US President Donald Trump has decided to abandon northern Syria to his fate. As announced by the White House the day before, US troops stationed in the border zone with Turkey began their withdrawal on Monday (October 7th) in the face of an imminent Turkish military operation to which they will not oppose.

The US decision could seal the fate of the Kurdish forces, on which the United States has relied in particular to fight, successfully, the Islamic State Organization (IEO).

To justify his military intervention, which "can take place at any time," according to Turkish President Recep Tayyip Erdogan, Ankara says it wants to create a "security zone" in northern Syria to protect its border. The creation of this "security zone" was planned since August, after an agreement between Washington and Ankara, after several months of negotiations.

Concretely, the Turks demand the creation of a buffer zone 480 kilometers long and about 30 kilometers wide between their border and the Syrian territories located to the east of the Euphrates river, controlled by the Kurdish militia of the Protection Units of the people (YPG).

Considered by Turkey as a "terrorist group" and a threat to its national security, the YPGs make up the bulk of the Syrian Democratic Forces (SDF). This Arab-Kurdish anti-jihadist alliance, supported and armed so far by Washington, counted on its side up to 2,000 American soldiers.

In the Ankara viewfinder

The YPG and the PYD, the main Syrian Kurdish party, are in the sights of the Turkish authorities because of their links with the Kurdistan Workers' Party (PKK), which has been leading a guerrilla war in Turkey since 1984.

"Drying the swamp of terrorism in northern Syria is our main priority," the Turkish president said in early August, determined to achieve his ends. "As long as [YPG-controlled areas] have not disappeared, Turkey will not feel safe," he added.

A long-standing goal by Recep Tayyip Erdogan, who since 2016 has already ordered two offensives in northern Syria, the latest of which in early 2018 allowed his troops as well as their replacements, Syrian Islamist rebels, to get hold of Afrin, one of the three cantons of the Kurdish autonomous zone, which corresponds to the Syrian province of Hassake.

"Since the beginning of the crisis in Syria, the Turks have had an extremely clear policy of creating a buffer zone south of their border in order to ensure that there are no camps in the future. training, recruitment centers or stocks of ammunition in the hands of the Kurds, which could benefit the PKK ", explained at the beginning of the year to France 24 Alexandre Vautravers, expert in military strategy and professor of history and international relations in Geneva.

Recep Tayyip Erdogan is particularly concerned that the Kurds of Turkey are inspired by the autonomous federal region called Rojava, a kind of state embryo established de facto by the Kurdish minority of Syria in the north and north-east of the country. favor of the Syrian conflict and the chaos it engendered. The head of state has repeatedly stated that he would never "allow" the establishment of a Kurdish state in Syria, on the outskirts of Turkey. The risk for Erdogan?
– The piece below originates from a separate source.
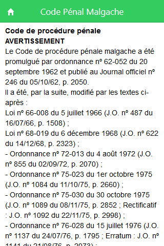 Le Code de procédure pénale malgache a été promulgué par ordonnance nº 62-052 du 20 septembre 1962 et publié au Journal officiel nº 246 du 05/10/62, p. 2050.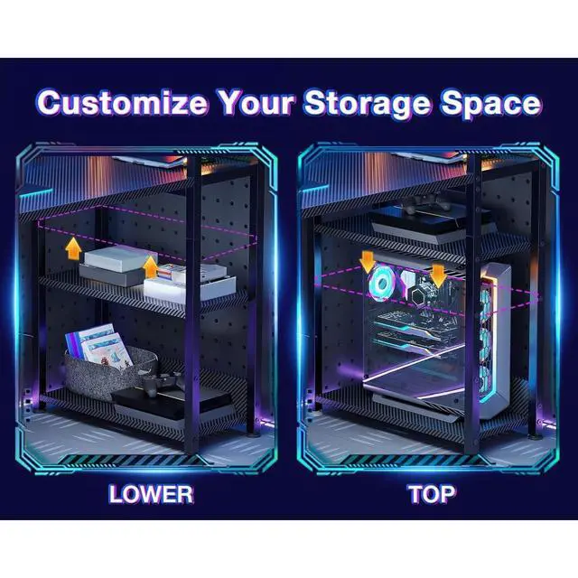 Gaming Desk with Colorful LED LightsThis gaming table features LED strip that contains 10 static colors, 6 brightness grades, 10 dynamic modes and memory function with switching controls. Adjusting to the proper lighting can reduce eye strain, improve focus, and create a comfortable workspace/gaming space.

This territory would border the Kurdistan Autonomous Region in northern Iraq, creating Kurdish continuity - and territorial unity - an intolerable idea for Ankara.

In addition to the neutralization of Kurdish forces and their autonomist aspirations, the Turkish president has also announced his intention to send back to this "security zone" up to two million Syrian refugees, mostly Arab and Sunni, living in Turkey.

A way for Ankara to upset the demographic balance of this region, in which live, according to experts, 2.5 million inhabitants, including a little over a million Kurds, especially settled near the Turkish border. "If this security zone can be declared, we can relocate with confidence between one and two million refugees [...]", said Recep Tayyip Erdogan, during his speech in September on the occasion of the Assembly General Assembly.

Interviewed by France 24 in January, Nur Mahmoud, YPG spokesman, warned against the terminology applied to the future security zone. "It should not become a no-man's land, it would be very dangerous, would serve the nationalistic interests of Turkey and engender ethnic cleansing and population replacement".

"Total war"

Dropped by Donald Trump, who threatened Monday, via his Twitter account as last January, to "totally destroy and destroy the economy of Turkey", if it was "something [...] out of bounds", the SDS have promised to conduct a "total war" in Ankara "in case of unprovoked attack". A war they had already prepared for after the announcement in late 2018 of Donald Trump to withdraw his troops from Syria.

As I have stated strongly before, and just to reiterate, if Turkey does not matter what, I am in the midst of a great deal of uncertainty, I will totally destroy and obliterate the Economy of Turkey (I've done before!) . They must, with Europe and others, watch ...

Donald J. Trump (@realDonaldTrump) October 7, 2019

Deprived of the American presence that served as a shield against Ankara, Kurdish forces and SDS have warned that a possible Turkish military operation would result in a resurgence of the OEI. Not to mention that they would lose control of the prisons in which many jihadists are held and the camps that house their families.

A sensitive issue that worries European countries, and first and foremost France, whose nationals fought within the OEI before being captured by hundreds by Kurdish forces during the collapse of the terrorist organization.